#### DATA LISTING:

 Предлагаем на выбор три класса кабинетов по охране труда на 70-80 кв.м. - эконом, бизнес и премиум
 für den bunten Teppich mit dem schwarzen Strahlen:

---

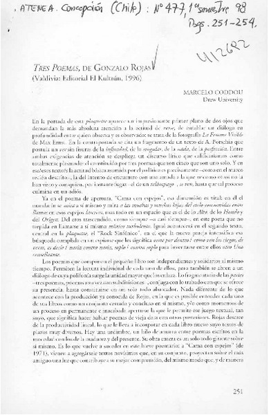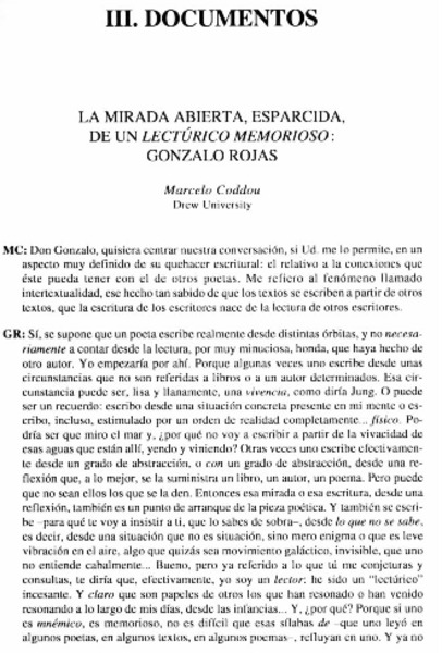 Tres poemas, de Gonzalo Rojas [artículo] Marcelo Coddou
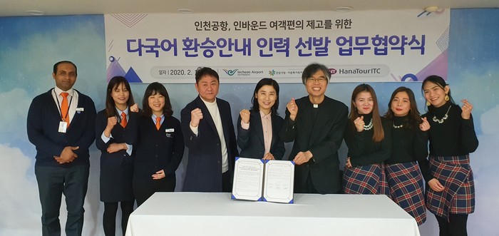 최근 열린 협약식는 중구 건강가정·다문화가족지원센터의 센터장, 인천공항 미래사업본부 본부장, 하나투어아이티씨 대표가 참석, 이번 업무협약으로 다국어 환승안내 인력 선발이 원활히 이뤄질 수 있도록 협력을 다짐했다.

...

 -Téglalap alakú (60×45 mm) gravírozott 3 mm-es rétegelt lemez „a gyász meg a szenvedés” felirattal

#### TASK DETAILS:
Using the records above, restate word for word the lines from the one with "Предлагаем на выбор" through the one with "für den bunten", both included.

#### RESPONSE TO THIS EXERCISE:
 Предлагаем на выбор три класса кабинетов по охране труда на 70-80 кв.м. - эконом, бизнес и премиум
 für den bunten Teppich mit dem schwarzen Strahlen:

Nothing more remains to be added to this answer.